Она расстегнула его пояс и потянулась к нему. Через мгновение он уже был в ней. Они оба задохнулись — от наслаждения, от удивления, от насыщенности их взаимного желания.
Когда они закончили, его нога не могла больше выдержать, и он сполз на пол по стене — галстук развязан, грудь поцарапана, полностью изможден.
— Ух ты! Что это было? — спросил он.
— Честно говоря, я не знаю, — ответила Кадди.
— Что бы это ни было, это было... спасибо!
В дверь стучали. Они вдруг поняли, что уже прошло довольно много времени.
— Эй, там всё в порядке? Нам тут нужно...
— Простите! Приступ диареи, я сейчас выйду, — сказал Хаус, пожав плечами с видом «это было самое лучшее, что я мог придумать».
— Я пойду первым, — сказал он, застегивая рубашку, но не заботясь об испорченном галстуке-бабочке. Он оставил его висеть на шее развязанным. — Я дам тебе знать, когда берег будет чист. Кодовой фразой будет «берег чист».
— Поняла, — улыбнулась она.
— А можно повторить? — спросил он. — Или это просто твоя реакция на смокинг? Если так, то это мой личный смокинг, и ничто нам не мешает.
— Думаю, что строить из себя недотрогу совершенно бессмысленно, — призналась она.
Он подмигнул и выскользнул за дверь.
Лежа той ночью в постели, она не знала что чувствовать. Восхищение, возбуждение, вину? Что это было, черт подери? У Хауса есть девушка. Это было неправильно. Но так хорошо. Он хотел ее. Она хотела его. Их химию просто... просто невозможно отрицать. Она поняла, что она была под кайфом. Под кайфом от Хауса.
— Он — мой викодин, — думала она. И она не хотела полагаться на милость судьбы. Она хотела больше своего наркотика.
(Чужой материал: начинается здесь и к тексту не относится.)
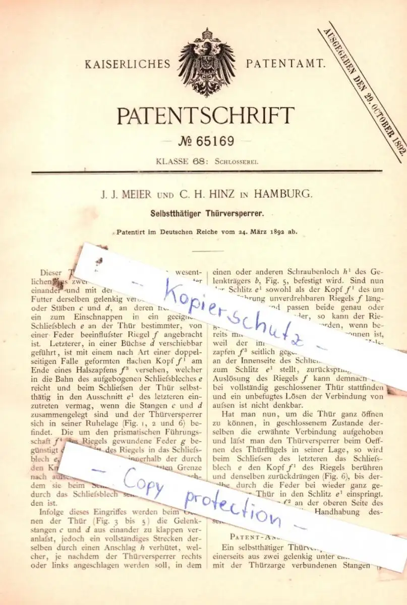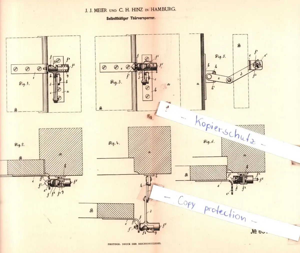 original Patent - J. J. Meier und C. H. Hinz in Hamburg , 1892 , Selbstthätiger Thürversperrer !!!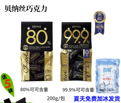 BENNS贝纳丝无糖进口黑巧克力99%纯可可脂零食健身80%袋装新品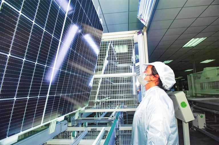 酒泉正泰新能源科技有限公司職工正在車間內(nèi)檢查組裝好的光伏發(fā)電板。

Они стали заниматься этим по всей больнице. В запертых смотровых, в служебных помещениях, на заднем сидении ее машины в гараже. (Они сидели в машине под предлогом «поговорить». Через пять минут она уже делала ему минет на переднем сидении, а еще через пять они перебрались назад, расстелили одяло из ее аптечки и взялись за дело, как два подростка.)
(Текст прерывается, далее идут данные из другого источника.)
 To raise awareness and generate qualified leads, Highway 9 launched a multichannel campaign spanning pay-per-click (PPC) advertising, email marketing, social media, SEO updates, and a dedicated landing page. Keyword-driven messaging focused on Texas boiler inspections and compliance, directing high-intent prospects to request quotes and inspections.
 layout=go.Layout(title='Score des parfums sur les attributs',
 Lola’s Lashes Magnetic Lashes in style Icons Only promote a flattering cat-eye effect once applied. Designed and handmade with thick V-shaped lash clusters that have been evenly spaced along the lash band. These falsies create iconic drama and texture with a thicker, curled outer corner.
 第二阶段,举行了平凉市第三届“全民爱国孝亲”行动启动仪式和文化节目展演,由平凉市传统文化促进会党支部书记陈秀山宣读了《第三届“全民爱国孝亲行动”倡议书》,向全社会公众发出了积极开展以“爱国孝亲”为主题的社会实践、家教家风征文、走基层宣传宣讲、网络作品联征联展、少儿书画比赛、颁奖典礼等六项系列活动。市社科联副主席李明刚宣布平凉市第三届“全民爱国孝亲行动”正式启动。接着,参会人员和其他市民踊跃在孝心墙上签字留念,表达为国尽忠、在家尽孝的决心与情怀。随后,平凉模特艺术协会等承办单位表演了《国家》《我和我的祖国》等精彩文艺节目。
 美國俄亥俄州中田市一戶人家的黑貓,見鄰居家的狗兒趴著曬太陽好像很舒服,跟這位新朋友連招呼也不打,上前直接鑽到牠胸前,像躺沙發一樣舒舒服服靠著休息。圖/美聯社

Что касалось Хауса, он казался бесконечно благодарным, просто благоговел. Он постоянно говорил ей «спасибо». Однажды, после быстрячка в уборной в ее кабинете она сказала:
— Хаус, что мы делаем?
Он поднес палец к ее губам, как будто бы не хотел разрушить красоту момента.
В ту ночь она лежала в постели и думала о нем. Она не могла дождаться завтрашнего дня. Сев в машину, она поехала к нему, надеясь, что он будет дома и что Надежды там не будет.
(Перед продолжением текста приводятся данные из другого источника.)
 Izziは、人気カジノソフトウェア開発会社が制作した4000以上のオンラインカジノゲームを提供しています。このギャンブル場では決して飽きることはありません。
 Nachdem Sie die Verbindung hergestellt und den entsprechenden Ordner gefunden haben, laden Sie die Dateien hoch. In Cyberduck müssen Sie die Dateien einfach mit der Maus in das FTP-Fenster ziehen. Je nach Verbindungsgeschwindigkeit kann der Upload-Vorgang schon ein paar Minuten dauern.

Но как раз когда она собиралась выйти из машины, она увидела, как свободное место у обочины заняла машина Хауса. Он был с Надеждой. Они зашли в его квартиру, молча, едва касаясь друг друга. Наблюдая за ними, Кадди показалось, что они похожи на спокойную женатую пару. Она дождалась, пока они войдут, и уехала.
— Уилсон, что я наделала? — сокрушалась она, рухнув в кресло в его офисе.
— Поменяла поставщика оборудования?
Она устала взглянула на него.
— Ты не знаешь?
— Я всегда все узнаю последним.
— Я... встречаюсь с Хаусом.
Он прищурился.
— Встречаешься?
— Сплю с ним, — призналась она.
— Вчера вечером я видел его с Надеждой.
Он выглядел сбитым с толку, так, как может выглядеть только Уилсон.
— Кажется, у нас интрижка, — сказала она и, обхватив голову руками, добавила: — Боже, я — Хестер Принн.
— Кадди, это плохо.
— Я знаю, — сказала она, виновато выглядывая из-под ладоней.
— Хаус наконец нашел покой, а ты... снова его путаешь.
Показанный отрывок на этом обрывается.